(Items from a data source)
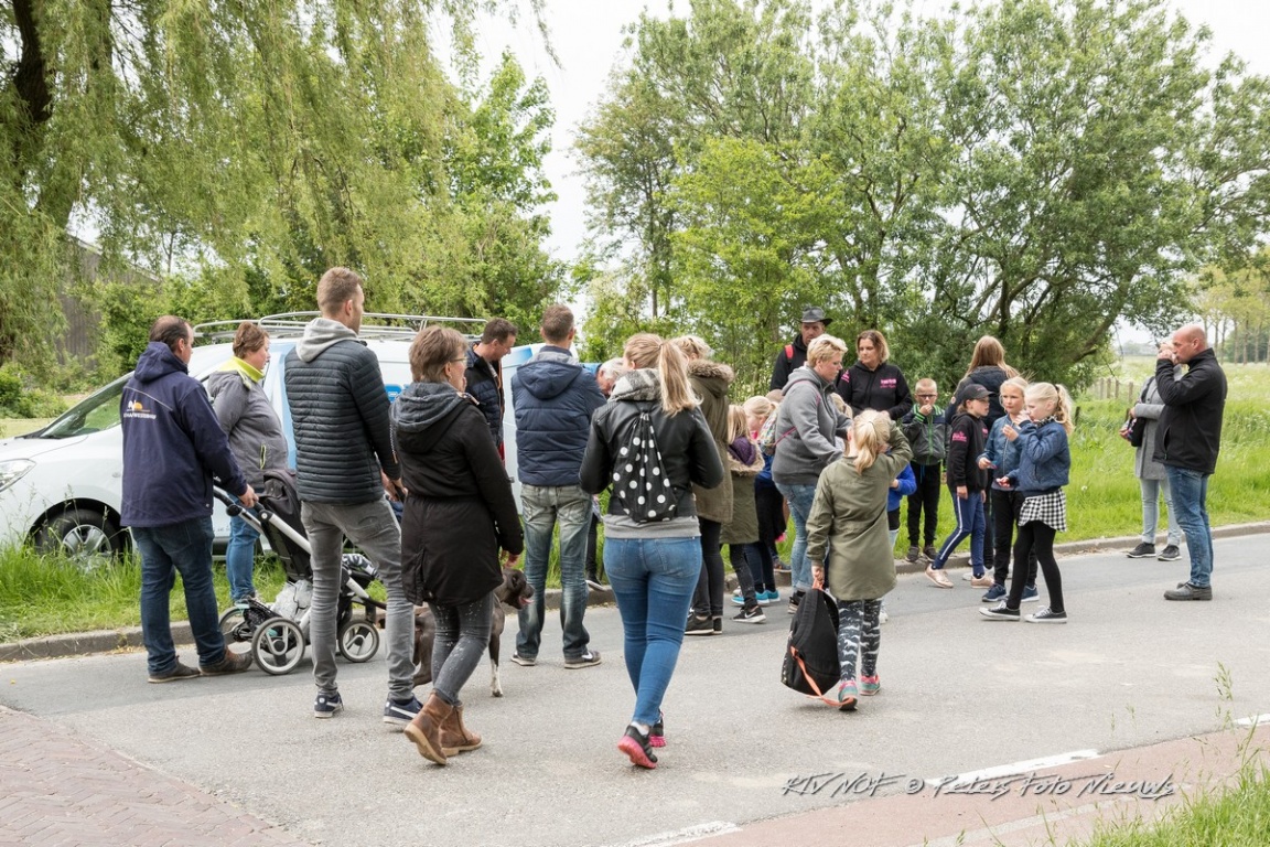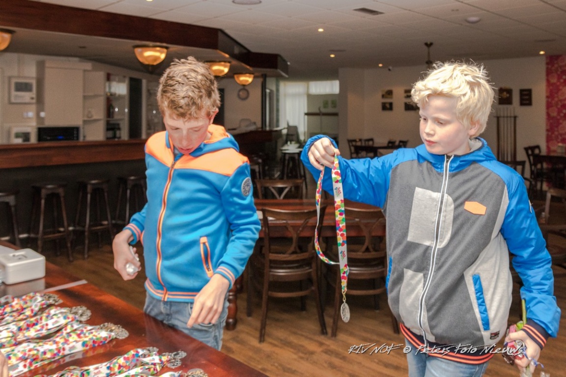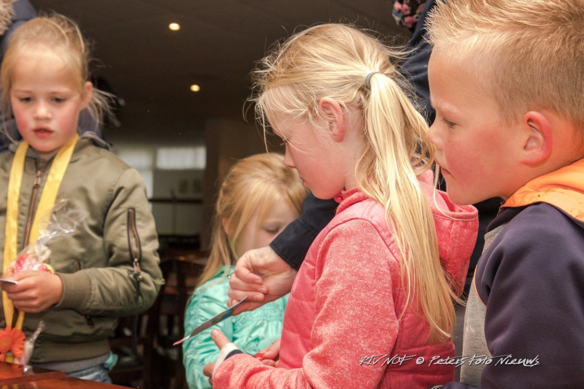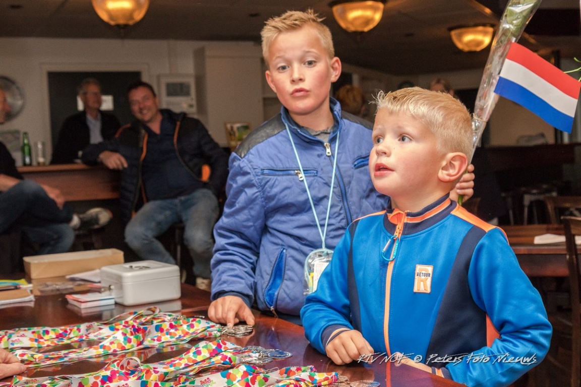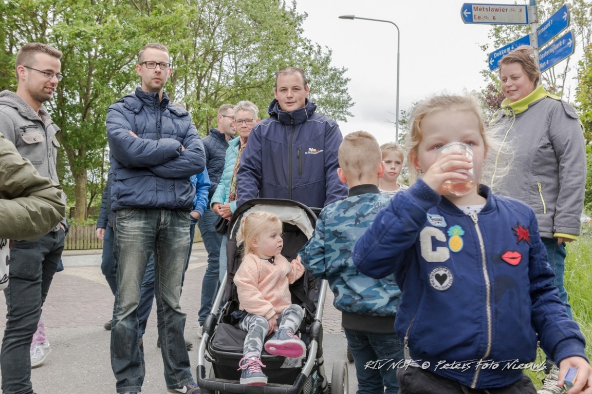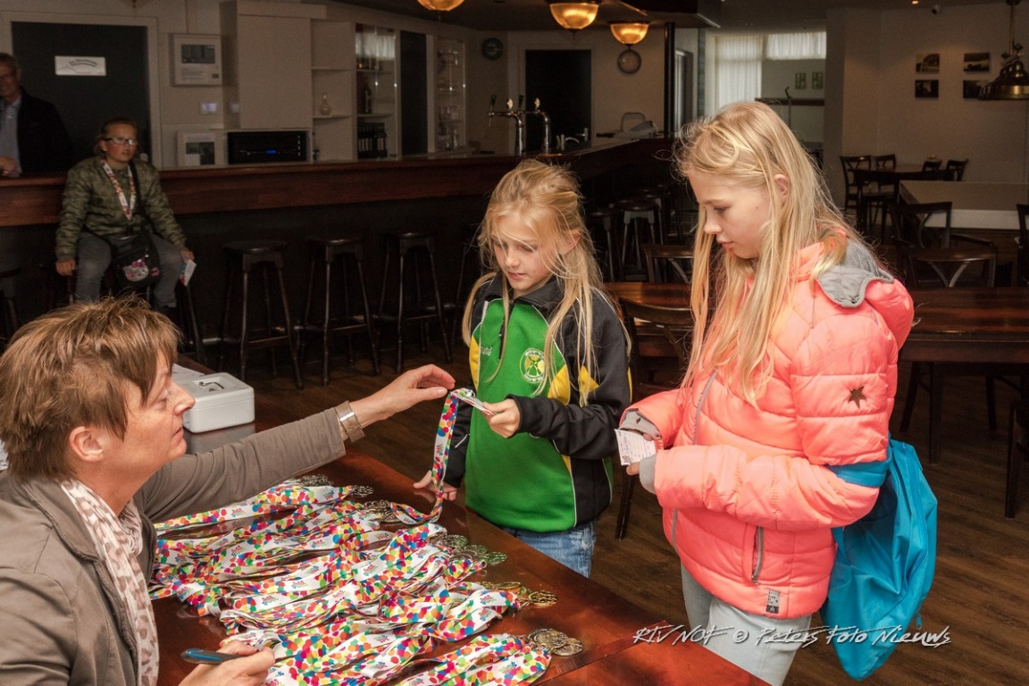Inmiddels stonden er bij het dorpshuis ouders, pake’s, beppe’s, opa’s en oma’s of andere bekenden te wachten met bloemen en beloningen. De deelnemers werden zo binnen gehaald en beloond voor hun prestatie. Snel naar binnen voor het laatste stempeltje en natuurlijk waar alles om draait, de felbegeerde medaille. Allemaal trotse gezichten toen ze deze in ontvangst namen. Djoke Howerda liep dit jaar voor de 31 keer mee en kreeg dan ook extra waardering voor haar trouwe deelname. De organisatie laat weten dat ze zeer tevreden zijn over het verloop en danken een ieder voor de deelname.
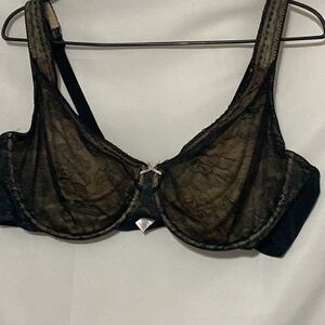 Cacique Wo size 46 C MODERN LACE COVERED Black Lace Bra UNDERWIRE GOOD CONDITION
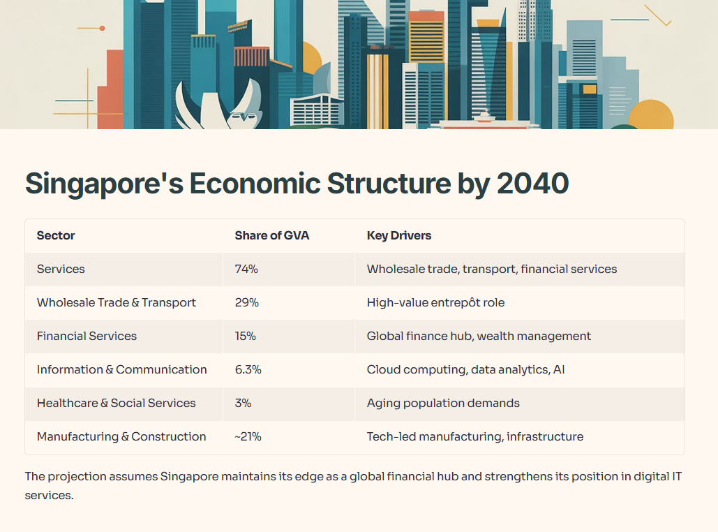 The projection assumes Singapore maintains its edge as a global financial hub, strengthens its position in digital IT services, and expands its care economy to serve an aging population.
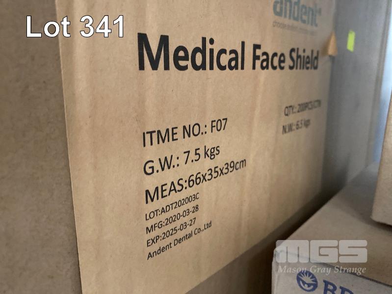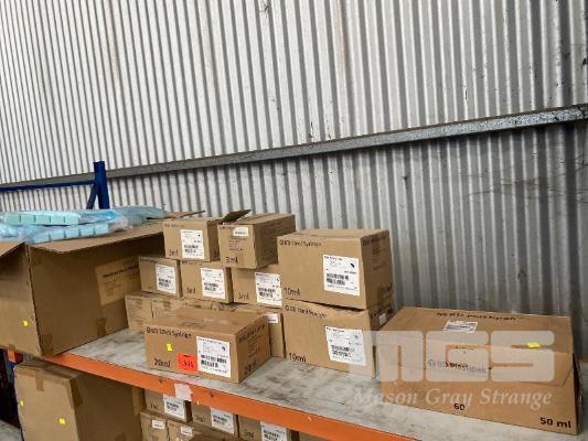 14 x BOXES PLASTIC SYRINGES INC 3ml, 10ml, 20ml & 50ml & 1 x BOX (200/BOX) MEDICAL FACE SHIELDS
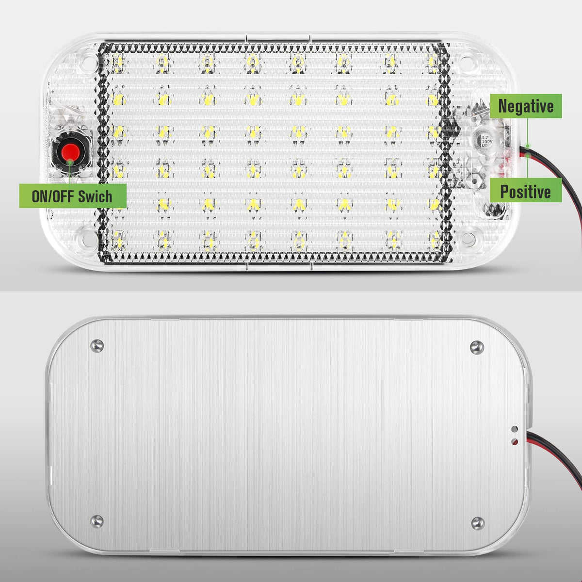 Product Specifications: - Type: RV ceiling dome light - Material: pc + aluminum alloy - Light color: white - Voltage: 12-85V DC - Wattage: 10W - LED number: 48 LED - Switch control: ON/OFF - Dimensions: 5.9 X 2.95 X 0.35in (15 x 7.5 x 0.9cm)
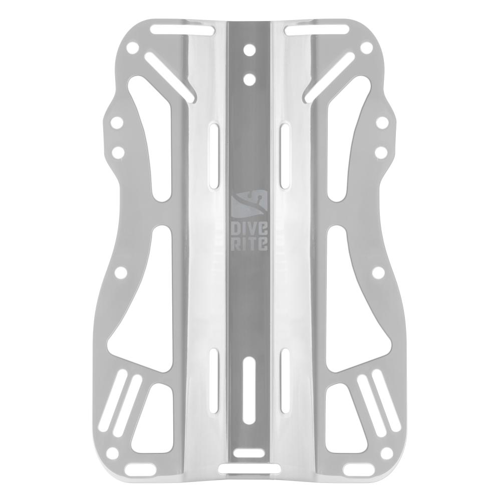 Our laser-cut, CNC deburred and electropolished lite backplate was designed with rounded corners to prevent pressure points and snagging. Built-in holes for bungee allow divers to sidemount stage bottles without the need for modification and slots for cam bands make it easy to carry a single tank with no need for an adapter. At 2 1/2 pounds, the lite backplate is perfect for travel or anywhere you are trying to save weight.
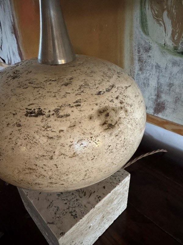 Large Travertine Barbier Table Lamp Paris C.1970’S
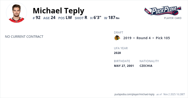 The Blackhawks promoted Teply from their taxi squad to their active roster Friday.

Work task. Emit an exact copy of the lines from the line bearing "Product Specifications: - Type: RV" through the last line above, inclusive, and leave the images out.

Answer below.
 Product Specifications: - Type: RV ceiling dome light - Material: pc + aluminum alloy - Light color: white - Voltage: 12-85V DC - Wattage: 10W - LED number: 48 LED - Switch control: ON/OFF - Dimensions: 5.9 X 2.95 X 0.35in (15 x 7.5 x 0.9cm)
 Our laser-cut, CNC deburred and electropolished lite backplate was designed with rounded corners to prevent pressure points and snagging. Built-in holes for bungee allow divers to sidemount stage bottles without the need for modification and slots for cam bands make it easy to carry a single tank with no need for an adapter. At 2 1/2 pounds, the lite backplate is perfect for travel or anywhere you are trying to save weight.
 Large Travertine Barbier Table Lamp Paris C.1970’S
 The Blackhawks promoted Teply from their taxi squad to their active roster Friday.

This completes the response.